This is how you make a comic movie
While perusing the movie site Aint It Cool News I came across two exciting things for comic book fans. There was the premiere of the new trailer for what I will call the Wolverine movie (aka the absurdly and unnecessarily long titled X-Men Origins: Wolverine) and the first review for Frank Miller's film adaptation of the Will Eisner comic classic the Spirit.
On one hand, you have the Wolverine movie, filled with comic delights such as Gambit and Deadpool finally making it into a movie, a plot delving into Wolverine's very interesting life and origin, and old man Logan getting down and dirty with some good ol' violence. Like he should be. As a movie fan, you have Liev Schreiber flat out dominating the trailer with his portrayal of Sabretooth, you have Danny Huston chewing the scenery as Stryker (I contest that Michael C. Hall would have filled it better, but that's neither here nor there - at least we can save Hall for Arcade further down the line), and you have Jackman looking as in his element as you can get.
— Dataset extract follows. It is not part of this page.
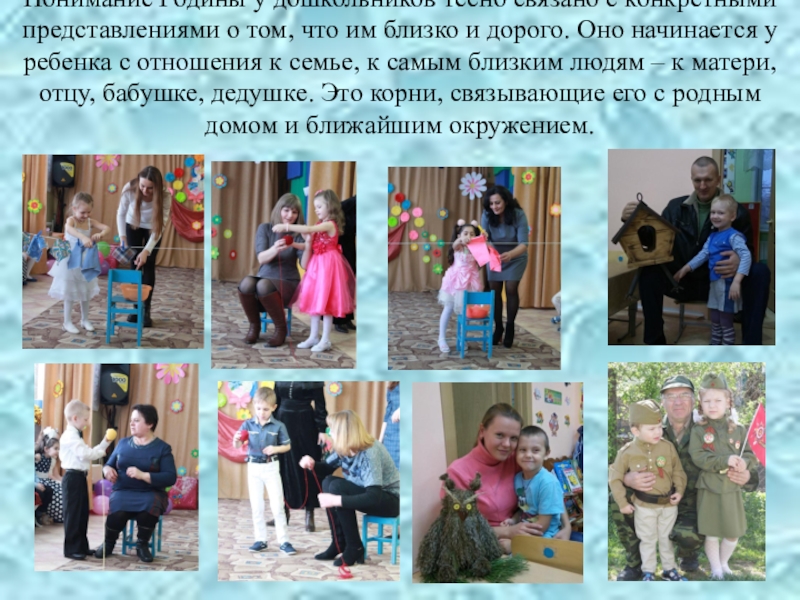 что им близко и дорого. Оно начинается у ребенка с отношения к семье, к самым близким людям – к матери, отцу, бабушке, дедушке. Это корни, связывающие его с родным домом и ближайшим окружением.

In short, get excited folks. I get the feeling that Gavin Hood may actually deliver another good installment of mutant related comic adaptations.
Then on the other hand you have the review of the Spirit, a movie rife with challenges, not the least of which is an amateurish (at best) director in comic god Miller and an absurdly hyperstylized trailer. This review compares Battlefield Earth (one of the worst adaptations and movies ever) favorably to the Spirit.
Words used in that previous sentence did in fact include "compares," "favorably," and "Battlefield Earth."
You there? You five guys (I used to be one of you) who were holding out hope that Miller's adaptation could possibly be serviceable? Give up. Regardless of how poorly written or ridiculous the actual review may be, odds are this just confirms the worst - this movie is going to suck, and badly at that.
That's what always gets me. These movies have great source material. How can you not take decades of material and craft the best stories into something everyone wants to see? I just don't get it. Especially with the Spirit as it adapts one of the best comic stories ever in the "Sand Serif" arc. With all of the confidence the Wolvie preview gets me, movies like the Spirit take it away.
I really want to believe that Mendes and Caruso will do right by Preacher and Y the Last Man. While I can't expect perfect, please, please, please take us towards Wolverine and ignore everything that comes from the Spirit.